この中の中に出てくるシーンを書きたくて書きました。



「殿、早く先を急いでください!」

「お前も来い!」

「我々は、殿(しんがり)を務めます」

「……生きて、儂と共に、雪ノ国へ行くぞ」

「はい。我らは、常に殿と共にあります」

「無理はしないでください」

「ミツフジ様……。殿をお願いします」

「分かっています」


 殿(しんがり)を務めた兵士達を置いていき、フジシロたちは先へ進む。

  燃料を巻かれ、地上は火の勢いが、どんどん増していく。そしてその火は、地下にまで回ってきた。その火と共に、鳥ノ国の兵士達までもが、地下へと入ってきた。何としても、フジシロの首を取ろうとしてきていた。


「火がここまで……」

「殿、こちらの出口から浜へ迎えます」

「そうか」

「私が前を……」

「ミツフジ様?」


 家臣の声ではなく、別の音に神経を尖らせ始めたミツフジ。鳥ノ国の兵士達がフジシロを探す叫び声しか聞こえてこないのだが、ミツフジにはしっかりと、聞こえていた。

 その足音が。


「殿を頼みます」

「ミツフジ様? いえ、でしたら我らがここを」

「いえ、彼を止められるのは、私だけです」


 ミツフジはそう言うと、フジシロから離れようとする。


「ミツ!」

「殿……」

「生きて、儂の下へと帰って来い」

「御意」


 ミツフジは再び、膝を付き胸に手を当て頭を下げる。ミツフジは家臣たちに、フジシロをしっかりと、守るように伝えると、走り出した。

 くっきりと聞こえてくる足音。

 ーーこの歩き方は、彼しかいない。

  角を曲がった所で、彼と相対する。


「久しぶりだな、ミツ」

「そうですね、トラフジ」

「……話しを、しに来た」

「話し、ですか。今は聞いている暇はないです」


 二人の下へも炎が、迫り来る。ミツフジは刀を鞘から抜く。


「……そういや、俺らの喧嘩はいつもこれだったな」

「喧嘩ですか。そんな生易しいものではないですよ。今は真剣。昔の木刀とは違いますよ」

「そうだな。命懸けだ」

「えぇ。私は貴方を斬り、殿の下へ行く」

「なら、ミツ。俺がお前に勝ったら、俺の話し聞いてくれ」

「貴方が勝つ時、私は死んでいるのでは?」

「……どうだかな」


 ゆっくりと構える。

 呼吸音が聞こえる。

 瞬間、二人は駆け出し、剣を振りかぶり、斬り合いが始まる。

 最初は冷静に対応していたミツフジも、次第に呼吸を乱していく。目も怒りの篭った、鋭く殺気立ったものになっている。


「何故」


 ミツフジの中から溢れ出す言葉。


「何故、貴方たちは裏切った!」


 その叫び声が、トラフジに剣先と共に降り注ぐ。どれだけ、言葉を浴びせても、トラフジは何も言わず、あしらうばかり。昔はミツフジの方があしらっていたのに、今はまるで逆だ。
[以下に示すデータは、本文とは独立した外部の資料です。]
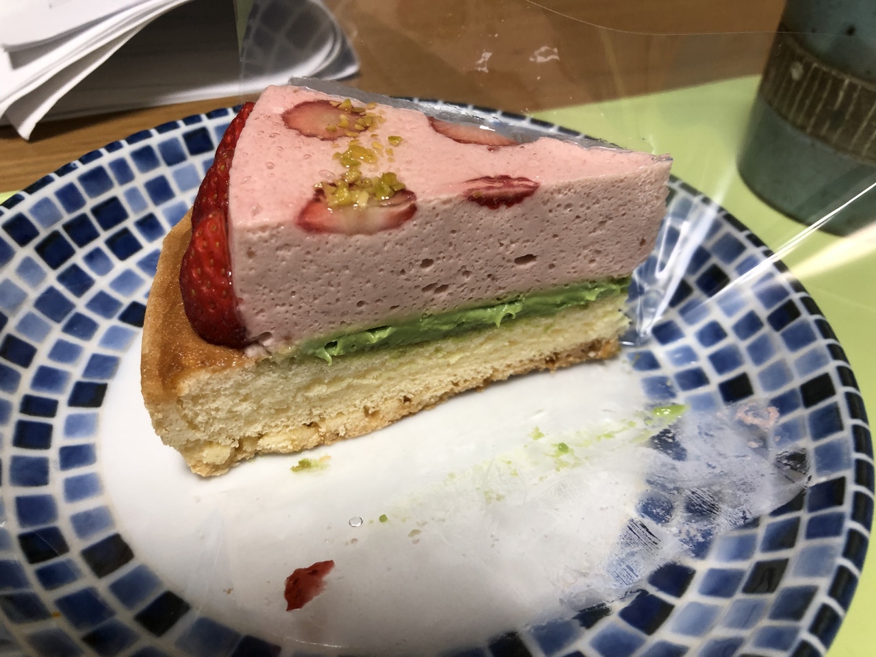 ケーキをテイクアウトしました。結果お客さんが並んでいて人気がありました。イチゴとピスタチオのタルト590円、モカゼリーのソフトクリーム400円を注文しました。物語はそのままその場で食べました。では2角でソフトクリームとの相性がよかったです。次回は普通のソフトクリームにしたいと思います350円とトライしてみたいと思います

「私とトラフジ、そしてイチフジ。三人で誓ったはずです。殿をフジシロ様をお守りすると!」


 首から下がるペンダントを握りしめ、ミツフジは叫ぶ。話しを聞きたくなかったはずなのに、やはりまだ信じる心があるのか。

 そう思いながら、トラフジに問いかける。けれど、トラフジは何も言わない。


「あの誓いはなんだったのですか。私たちは三人で殿をお守りすると……。昔のような、関係に戻れないのですか……。トラ!!」


 斬りかかった瞬間、ミツフジの右足に矢が刺さった。その場に倒れ込むミツフジ。

 トラフジは咄嗟に、矢の飛んできた先を見る。そこには、鳥ノ国の弓矢部隊の一人が。


「トラフジ殿、いい獲物ですな。私も加勢しましょう」


 ゆっくり近づいてくる弓矢部隊兵。ミツフジはなんとか立ち上がろうとするが、足に力が入らない。

 目の前に立ちはだかった瞬間。


「邪魔するんじゃねぇよ」と、いうトラフジの声と同時に、弓矢部隊兵の首が飛んだ。


「……今、コイツと喧嘩してるんだよ。邪魔してんじゃねぇよ」


 怒りの篭った声で発するが、もう聞こえていないだろう。

 ミツフジは足に刺さった矢を引き抜く。ゆっくりと立ち上がり、トラフジと向き合う。

 お互い刀を構え直し、走り出した。トラフジかミツフジの刀を思い切り振り払う。

 ミツフジの手から、刀が抜け飛んでいく。

 ーー負けた、殺される。

 そう思った時、腹を蹴られ後ろに飛ばされてしまった。勢いよく飛びかかってきたトラフジが、ミツフジの顔に向かって刀を振り下ろした。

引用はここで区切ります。